Construire la citoyenneté
En attendant, Frank Kodbaye met la dernière main à deux projets journalistiques sur internet.
«Avec Tchad Agora, nous voulons développer le débat d’idées pour le Tchad et mettre en valeur les expériences positives dans la région, comme au Sénégal », explique Frank Kodbaye qui lance aussi Carrefour – Soleil, un site francophone d’investigation journalistique.
Reste que l’internet est encore un luxe pour la plupart des Tchadiens dont la majorité est encore analphabète. Comme dans la plupart des pays et des régions pauvres, c’est principalement grâce à la radio que les gens se tiennent informés.
«Une radio créée par la société civile tchadienne joue un rôle particulièrement important: c’est FM Liberté qui parle aussi bien des droits de l’homme que des problèmes d’agriculture ou de santé, raconte Frank Kodbaye.

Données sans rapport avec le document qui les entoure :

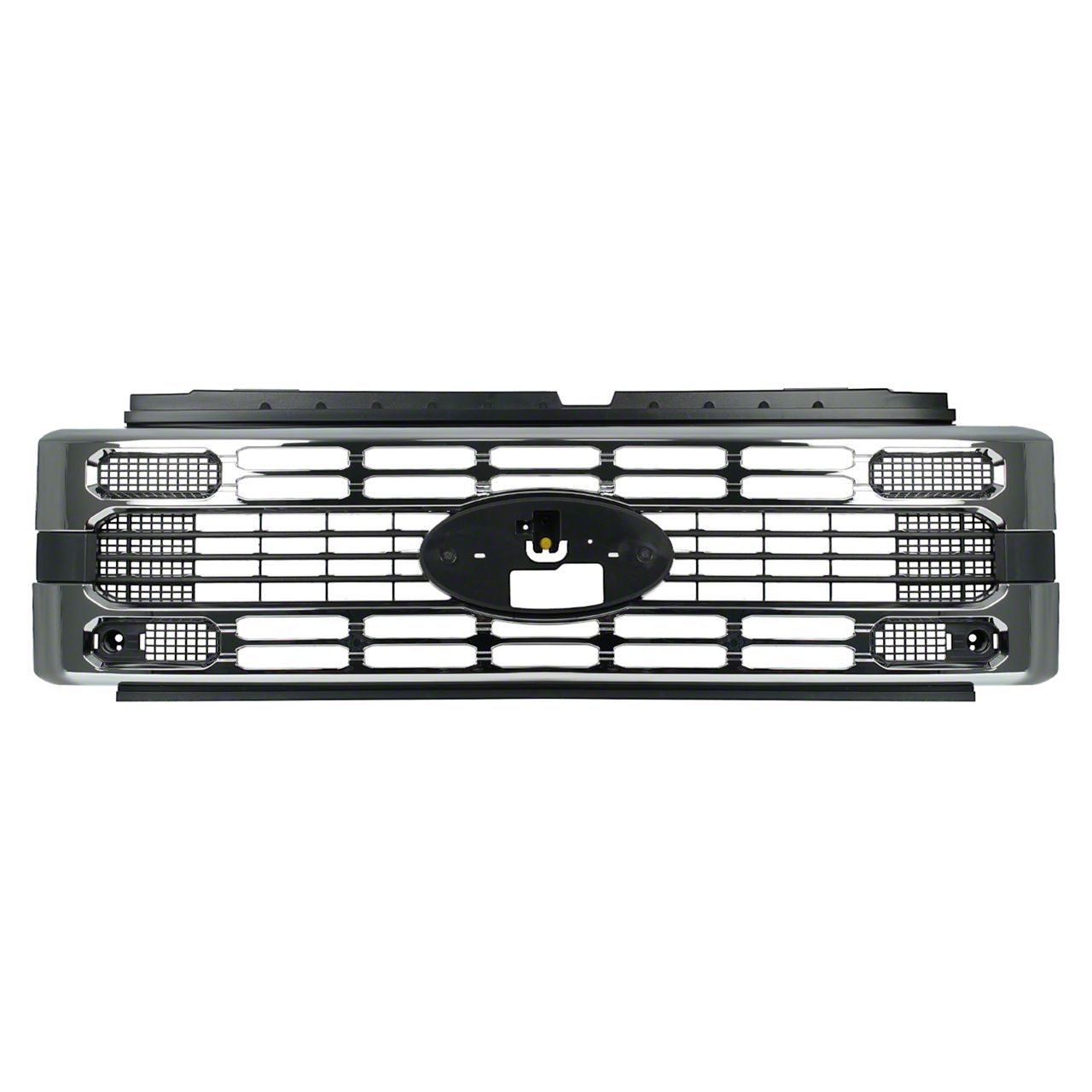 Modern Front-End Enhancement. The JC April Upper Grille is a stylish upgrade and direct replacement designed for 2023-2026 Ford F-250 Super Duty models, providing a polished chrome finish for a contemporary, eye-catching look. Built to refresh your truck’s appearance, this grille offers both form and function with a bolt-on installation and a pre-assembled emblem area for a seamless fit.

En mobilisant les gens, en galvanisant les jeunes, cette radio joue un grand rôle dans l’apprentissage de la citoyenneté et dans l’unification des Tchadiens sur la base de références communes, au-delà des appartenances tribales ou claniques. »
Des appartenances qu’ont utilisées tous les pouvoirs qui se sont succédés à Ndjamena, selon Frank Kodbaye : «Pour prendre le pouvoir, il faut des alliances tribales et jouer des divisions religieuses ou culturelles pour semer la zizanie, en opposant les Tchadiens entre eux, ceux du nord du pays contre ceux du sud, musulmans contre chrétiens.»
Le risque de partition qui pèse sur un autre Etat mal constitué de la région sahélienne – le Mali – montre toute la pertinence de ce constat.
Selon Reporters sans frontières (RSF), la partition du Web s’est renforcée en 2011.
Les internautes accèdent à des informations différentes en fonction de leur lieu de connexion.
Reporters sans frontières a récemment dénoncé la décision de Twitter d’appliquer une censure géolocalisée.
Le site a annoncé que certains tweets pourront être bloqués dans certains pays mais pas dans d’autres, alors que jusqu’à présent les messages bloqués l’étaient dans le monde entier.
Dans une lettre ouverte adressée fin janvier au fondateur du site, l’ONG pointe: «L’argumentation de Twitter qui laisse entendre qu’il y aurait différentes interprétation de la liberté d’expression selon les pays est inacceptable.»
RSF relève par ailleurs que la plateforme Internet nationale instaurée en Birmanie en 2010 a fait des émules.
Le président iranien Mahmoud Ahmadinejad a annoncé à plusieurs reprises en 2011 le lancement d’un Internet national, avec son propre moteur de recherche et son service de messagerie.
«Quitte à mettre en place deux formes d’accès différents, l’une pour les autorités, l’autre pour le reste de la population, comme le permet par exemple aujourd’hui la structure de l’Internet birman», souligne Reporters sans frontières.
Résultat, selon RSF : «Certains pays, comme la Corée du Nord, le Turkménistan, l’Ouzbekistan ou Cuba, mais aussi l’Iran, censurent si bien l’accès à Internet qu’ils cantonnent leur population à des Intranets locaux sans commune mesure avec la Toile internationale.»